▶ **The records**:
********

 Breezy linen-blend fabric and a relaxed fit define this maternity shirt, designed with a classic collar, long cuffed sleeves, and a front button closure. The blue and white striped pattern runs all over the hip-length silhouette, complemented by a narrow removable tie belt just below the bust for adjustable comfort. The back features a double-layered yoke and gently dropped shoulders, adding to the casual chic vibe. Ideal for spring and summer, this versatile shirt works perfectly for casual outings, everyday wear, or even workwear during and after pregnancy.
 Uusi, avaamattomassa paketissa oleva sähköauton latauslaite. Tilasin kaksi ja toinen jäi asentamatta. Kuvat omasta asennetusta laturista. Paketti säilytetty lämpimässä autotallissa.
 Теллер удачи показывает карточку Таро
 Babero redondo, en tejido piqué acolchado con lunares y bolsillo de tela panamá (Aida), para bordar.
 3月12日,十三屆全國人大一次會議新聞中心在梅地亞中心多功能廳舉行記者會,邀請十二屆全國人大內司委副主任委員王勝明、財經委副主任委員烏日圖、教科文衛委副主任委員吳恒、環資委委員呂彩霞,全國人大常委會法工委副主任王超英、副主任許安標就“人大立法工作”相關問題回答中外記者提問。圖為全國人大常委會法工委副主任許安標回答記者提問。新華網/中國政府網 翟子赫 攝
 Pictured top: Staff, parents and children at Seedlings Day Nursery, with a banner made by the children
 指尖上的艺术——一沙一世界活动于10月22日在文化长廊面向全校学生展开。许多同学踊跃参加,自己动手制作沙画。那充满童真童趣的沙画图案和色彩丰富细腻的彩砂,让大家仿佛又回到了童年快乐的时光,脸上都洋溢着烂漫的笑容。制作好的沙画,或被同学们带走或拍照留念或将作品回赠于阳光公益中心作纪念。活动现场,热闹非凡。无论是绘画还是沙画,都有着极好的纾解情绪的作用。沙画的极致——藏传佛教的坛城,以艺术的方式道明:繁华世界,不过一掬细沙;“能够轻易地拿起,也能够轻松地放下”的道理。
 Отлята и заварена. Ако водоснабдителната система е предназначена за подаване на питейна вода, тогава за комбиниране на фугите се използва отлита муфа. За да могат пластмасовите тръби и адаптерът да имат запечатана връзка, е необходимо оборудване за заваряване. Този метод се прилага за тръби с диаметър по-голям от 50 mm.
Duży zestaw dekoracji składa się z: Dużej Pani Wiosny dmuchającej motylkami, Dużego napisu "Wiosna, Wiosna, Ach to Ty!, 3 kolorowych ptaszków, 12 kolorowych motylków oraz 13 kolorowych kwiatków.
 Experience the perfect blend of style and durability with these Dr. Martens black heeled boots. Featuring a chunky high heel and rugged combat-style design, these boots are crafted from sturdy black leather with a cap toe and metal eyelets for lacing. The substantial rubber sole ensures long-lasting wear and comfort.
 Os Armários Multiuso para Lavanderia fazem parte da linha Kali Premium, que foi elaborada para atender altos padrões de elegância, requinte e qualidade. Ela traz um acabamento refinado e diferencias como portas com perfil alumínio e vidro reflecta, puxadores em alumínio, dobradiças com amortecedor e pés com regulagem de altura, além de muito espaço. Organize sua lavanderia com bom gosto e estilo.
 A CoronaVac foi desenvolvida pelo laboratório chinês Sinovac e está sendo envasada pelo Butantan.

********

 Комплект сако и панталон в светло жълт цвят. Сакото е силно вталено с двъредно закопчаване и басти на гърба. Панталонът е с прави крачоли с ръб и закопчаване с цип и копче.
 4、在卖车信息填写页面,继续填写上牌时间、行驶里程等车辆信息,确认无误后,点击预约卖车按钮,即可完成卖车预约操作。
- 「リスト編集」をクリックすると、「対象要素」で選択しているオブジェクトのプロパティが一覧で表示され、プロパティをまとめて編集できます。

********

Given the data above, transcribe exactly the lines from the one containing "Отлята и заварена." down to the one containing "Duży zestaw dekoracji", and no others.

 Отлята и заварена. Ако водоснабдителната система е предназначена за подаване на питейна вода, тогава за комбиниране на фугите се използва отлита муфа. За да могат пластмасовите тръби и адаптерът да имат запечатана връзка, е необходимо оборудване за заваряване. Този метод се прилага за тръби с диаметър по-голям от 50 mm.
Duży zestaw dekoracji składa się z: Dużej Pani Wiosny dmuchającej motylkami, Dużego napisu "Wiosna, Wiosna, Ach to Ty!, 3 kolorowych ptaszków, 12 kolorowych motylków oraz 13 kolorowych kwiatków.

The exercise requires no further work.